Date: 2026-02-25 Scope: DGX Spark (spark), Jetson Orin Nanos (prometheus, atlas, epimetheus), top active repos, deployment standardization to git push origin main -> host auto-pull.

Executive Summary

  • Cloudflare ingress is concentrated on Prometheus (buddy-tunnel) and Atlas (atlas-tunnel), with Prometheus acting as the edge router for many services, including DGX Spark API exposure.
  • DGX Spark GPU services are not healthy right now: spark-llm, spark-image-gen, and spark-video-gen are crash-looping; spark-api is stopped.

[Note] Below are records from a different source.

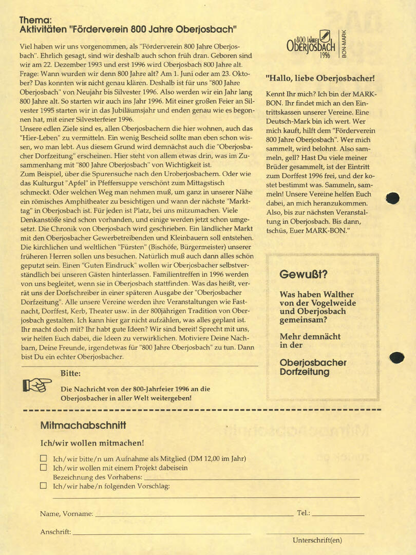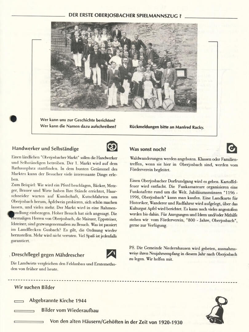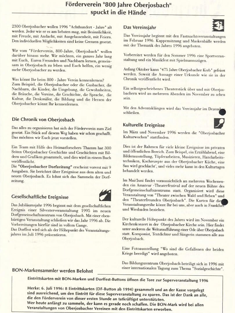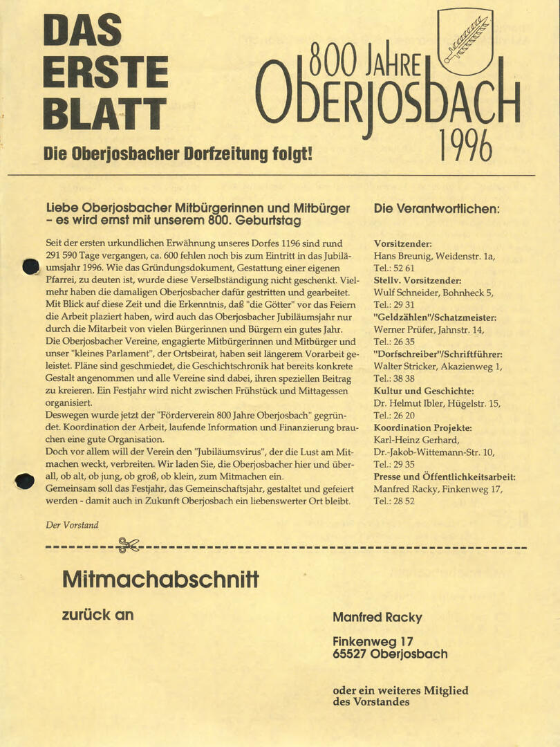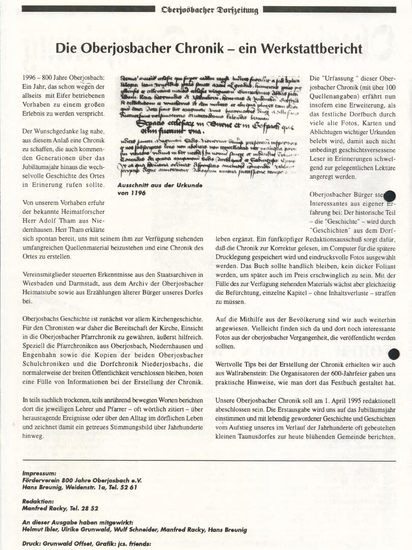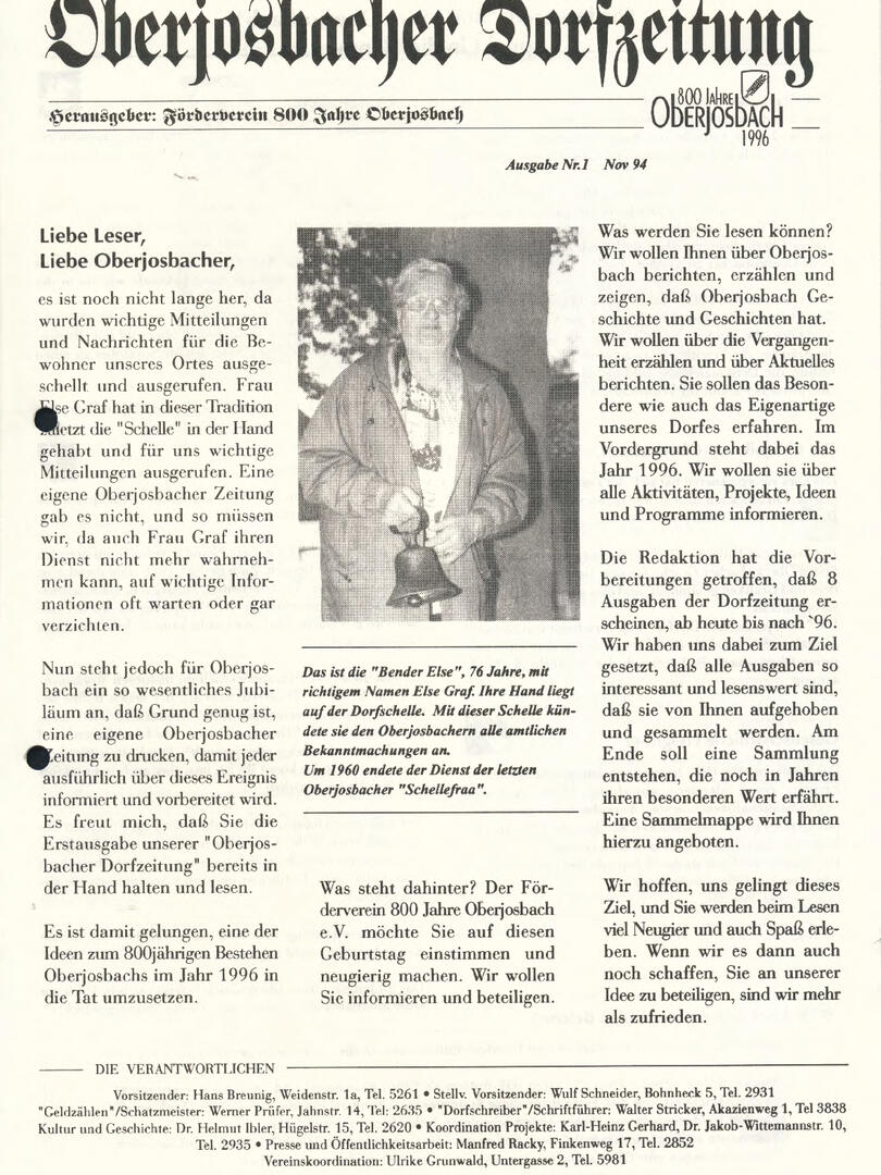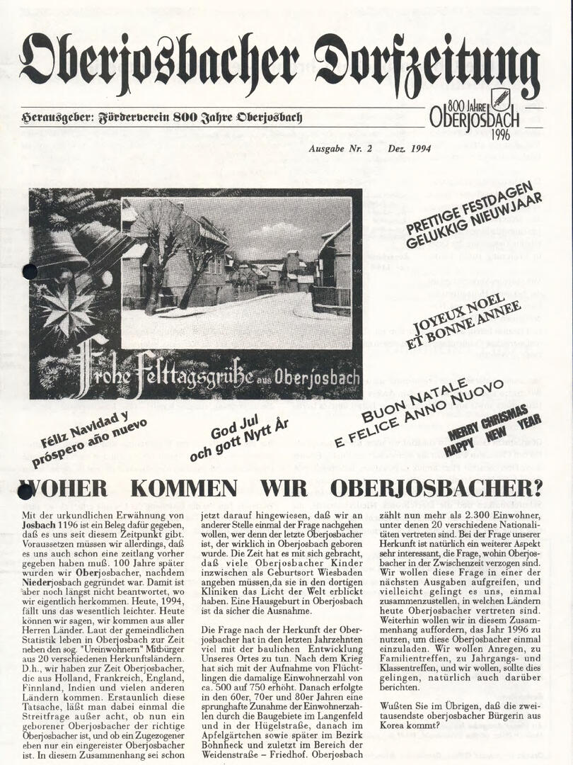 Im November 1994 erschien die erste Ausgabe der Oberjosbacher Dorfzeitung – ursprünglich, um die Oberjosbacher auf das bevorstehende 800-jährige Ortsjubiläum einzustimmen und zu motivieren. Anfangs wurde die Zeitschrift viermal im Jahr veröffentlicht. Doch aufgrund des hohen Arbeitsaufwands und der damals beträchtlichen Druckkosten musste die Erscheinungsfrequenz im Laufe der Jahre reduziert werden – zunächst auf zwei, später auf eine Ausgabe pro Jahr.
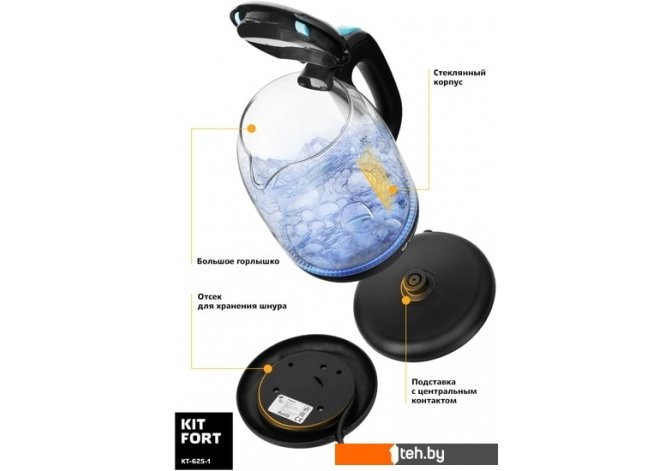 Фотографии, описание и технические характеристики модели чайника Kitfort KT-625-1 (черный/голубой) взяты из открытых источников, официального сайта производителя или представительства Kitfort в Республике Беларусь.
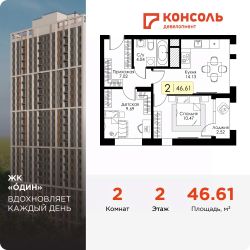 Площадь 46.61 на 6 этаже.
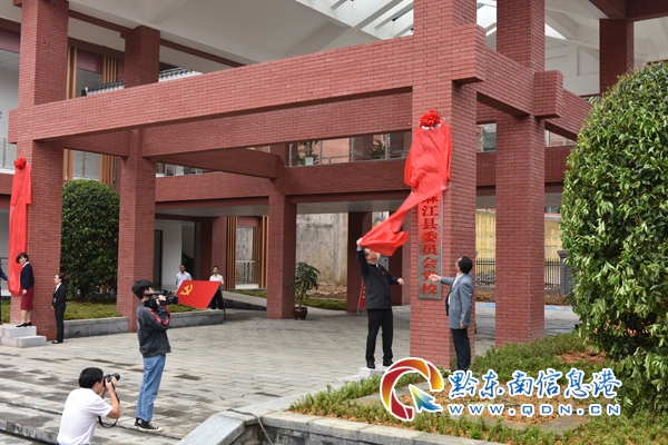 本網訊 4月20日上午,麻江縣舉行麻江縣委黨校、麻江縣行政學校新校區揭牌儀式,麻江縣委書記王鎮義、黔東南州委黨校副校長廖朝圣等領導為縣委黨校(行政學校)揭牌。
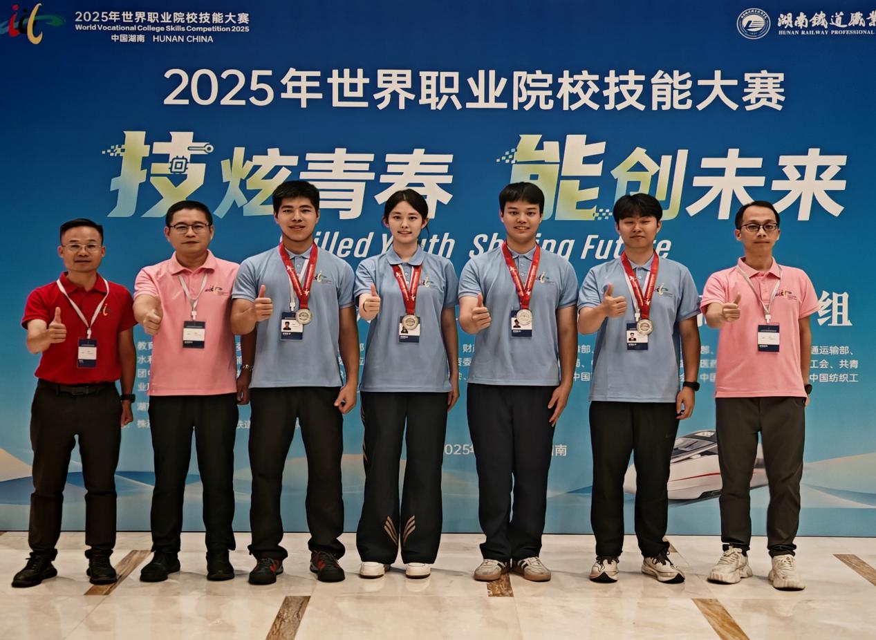 2025年8月27日至31日,2025年世界職業(yè)院校技能大賽軌道交通運(yùn)輸賽道總決賽爭(zhēng)奪賽在湖南省株洲市成功舉辦。我院軌道交通學(xué)院學(xué)子彭溢、鄭家鎮(zhèn)、李瑋杰、王希盈四位同學(xué)組成代表隊(duì),憑借扎實(shí)的專(zhuān)業(yè)功底、默契的團(tuán)隊(duì)協(xié)作和頑強(qiáng)的拼搏精神,最終從全國(guó)155支隊(duì)伍中成功突圍,斬獲本次大賽銀獎(jiǎng),為學(xué)院贏得了榮譽(yù)。
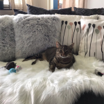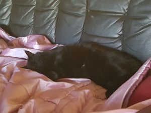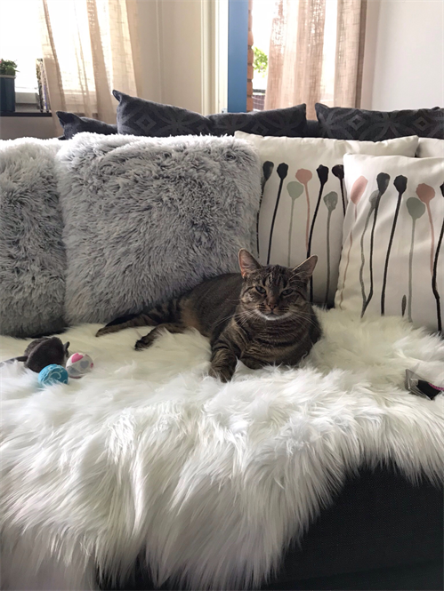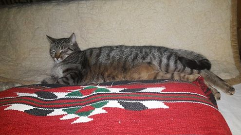 Sotis har funnit sig väl till rätta. Leker med råttan och tar en vilopaus på soffan. / Gunnar & Chatrin, Karbäcken Hoting

  • Repo hygiene issues are concentrated on deploy hosts (Prometheus/Atlas) where runtime data is co-located in git worktrees; the largest drift is in openarcade, modern-news, task-processor, and screen-self-driving.
  • Deployment approach is mixed: some repos use robust 60s systemd timers, while others still rely on cron scripts or manual rsync workflows.
  • Epimetheus is provisioned (Docker, /ssd structure) but not yet configured with cloudflared/nginx service hosting.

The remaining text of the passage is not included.